In April 2015, PublicAffairs Books published the companion book First Ladies: Presidential Historians on the Lives of 45 Iconic American Women by Swain and C-SPAN. The network began re-airing the TV series on C-SPAN3 in April 2015.

Background and production

The series was executive produced by Mark Farkas, who also produced C-SPAN's series on presidents, unsuccessful candidates and the Abraham Lincoln-Stephen Douglas debates of 1858, and feature documentaries on the Capitol, White House and Supreme Court.  The idea for the series came from Richard Norton Smith, a presidential historian and former head of five presidential libraries. Norton Smith and historians William Seale, Rosalyn Terborg-Penn and Edith Mayo served as the show's academic advisors.

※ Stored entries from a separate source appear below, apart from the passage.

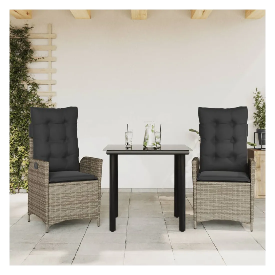 Cet ensemble de salle à manger de jardin est un excellent choix pour les repas en plein air ou pour vous détendre dans le jardin, dans l'arrière-cour ou sur la terrasse. Matériau durable : la résine tressée, également connue sous le nom de poly rotin, est un matériau synthétique solide et nécessitant peu d'entretien qui ressemble au rotin naturel. Il est léger, facile à nettoyer et couramment utilisé pour les meubles d'extérieur en raison de sa durabilité et de ses propriétés de résistance aux intempéries.Dossier réglable : ce siège de jardin est doté d'une poignée. Vous pouvez régler le dossier dans n'importe quelle position en tirant sur la poignée et le remettre rapidement dans sa position initiale.Expérience d'assise confortable : ce mobilier d'extérieur, doté de coussins épais, offre une expérience d'assise confortable.Housse amovible et lavable : ces coussins de siège sont dotés de housses amovibles pour un lavage et un entretien faciles. Les coussins de dossier ont un rabat à l'arrière pour une fixation facile aux dossiers.Dessus en verre : le dessus de la table d'extérieur est fabriqué en verre trempé solide et durable, ce qui le rend facile à nettoyer avec un chiffon humide et ajoute une touche d'élégance à votre espace extérieur. Bon à savoir : Pour que vos meubles d'extérieur restent beaux, nous vous recommandons de les protéger avec une housse imperméable.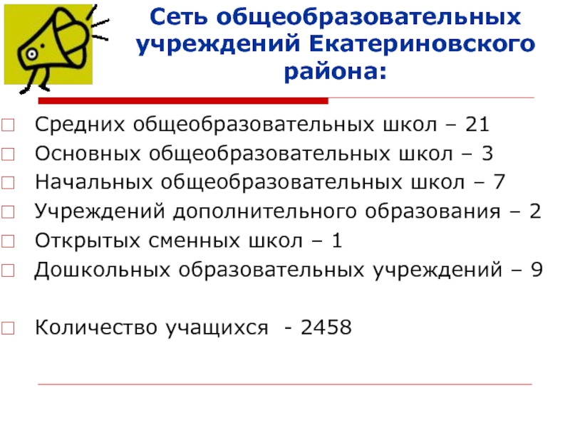 Слайд 2Сеть общеобразовательных учреждений Екатериновского района: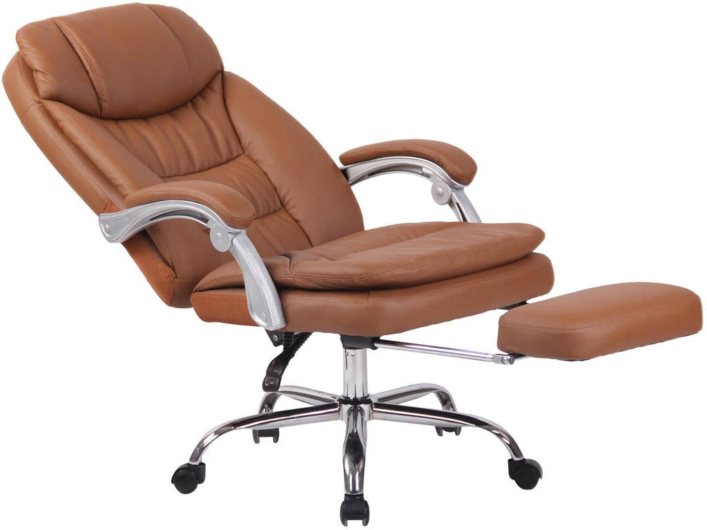 Fauteuil de bureau sur roulettes XL charge max 160 kg avec repose-pied ajustable en similicuir marron clair et métal 10_0007026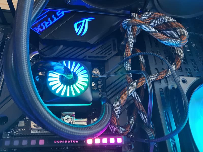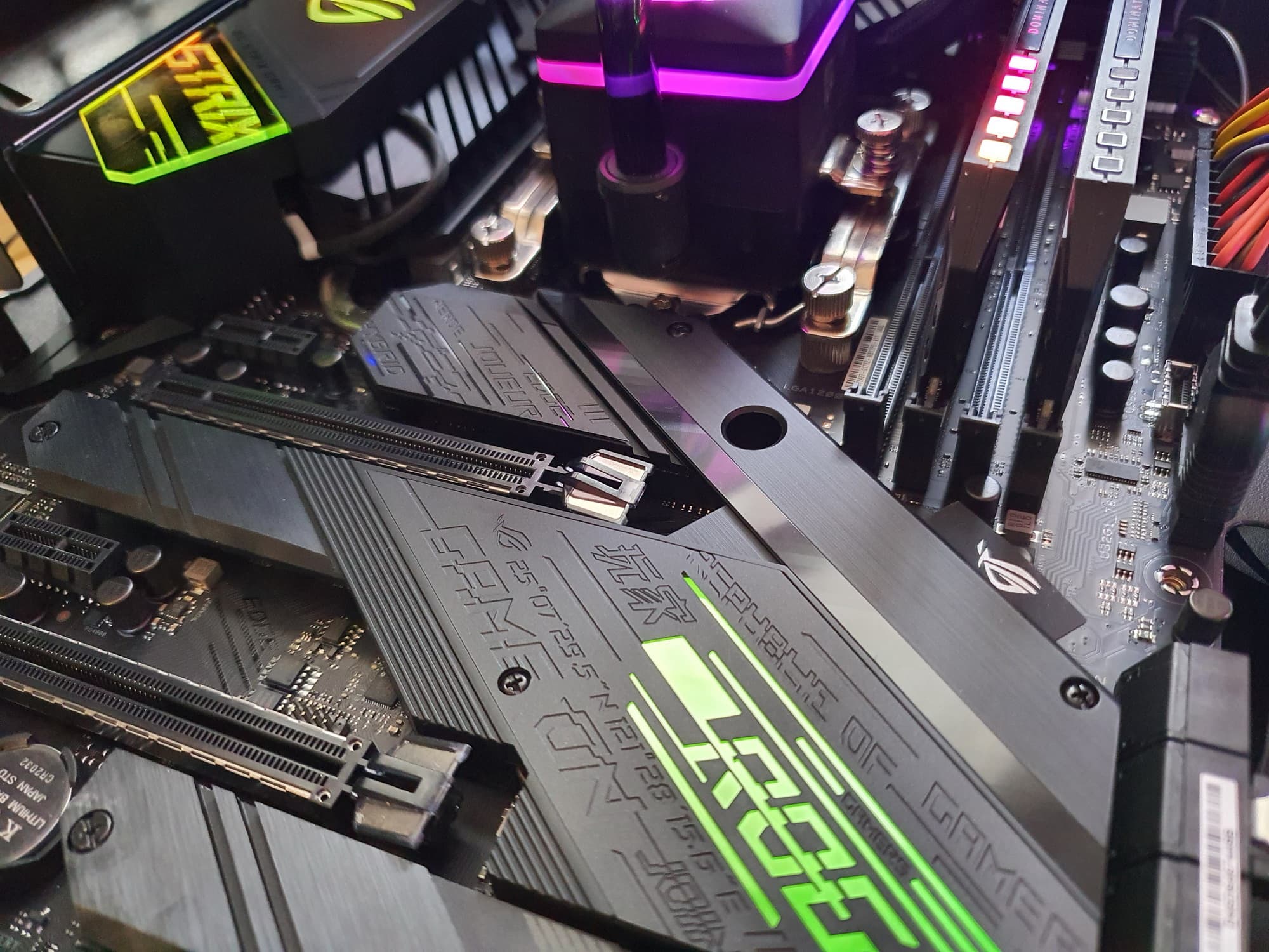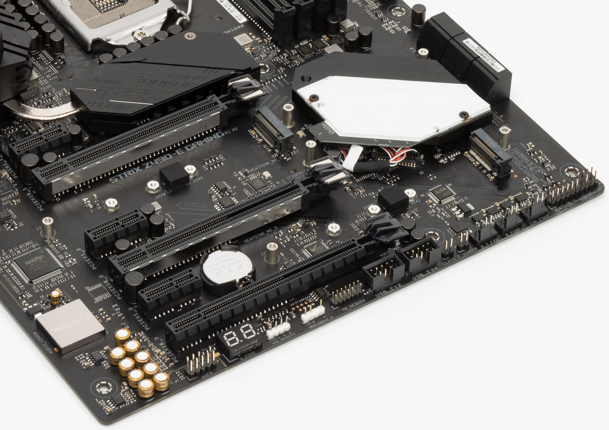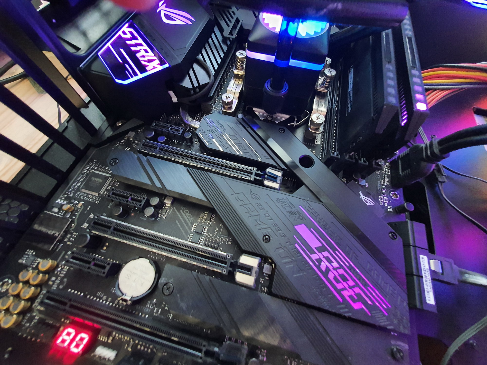 И напомню, что чипсетный радиатор тоже имеет пластиковый кожух, рассеивающий подсветку из светодиодов, установленных на самой PCB около Z490.

Producer Andy Och, a video journalist, visited historic sites significant to the first ladies. Farkas and Och spoke with historians, archivists and curators. The show was hosted by C-SPAN co-CEO Susan Swain. Peter Slen hosted the program on Eleanor Roosevelt and co-hosted programs on Mamie Eisenhower, and Edith Wilson.

With First Ladies: Influence & Image, C-SPAN featured the history of the first ladies in chronological order during two seasons broadcast over the course of one year. Season 1, featuring Martha Washington through Ida McKinley, ran from February 25, 2013 to June 10, 2013. Three months later, the following season ran, featuring Edith Roosevelt through Michelle Obama, from September 9, 2013 to February 10, 2014. C-SPAN devoted most of the 90-minute episodes to a single first lady, but some early programs covered several within one broadcast. The Eleanor Roosevelt episode was 2 hours long.

The live broadcasts included commentary from in-studio historians, journalists and experts, as well as calls and interaction from viewers and social media users, and pre-recorded on-location footage at historical sites of significance to the featured first lady. The first season relied mainly on letters and written materials to provide insight into the first ladies’ lives. As the second season moved into modern times, the broadcasts included audio and video of the women.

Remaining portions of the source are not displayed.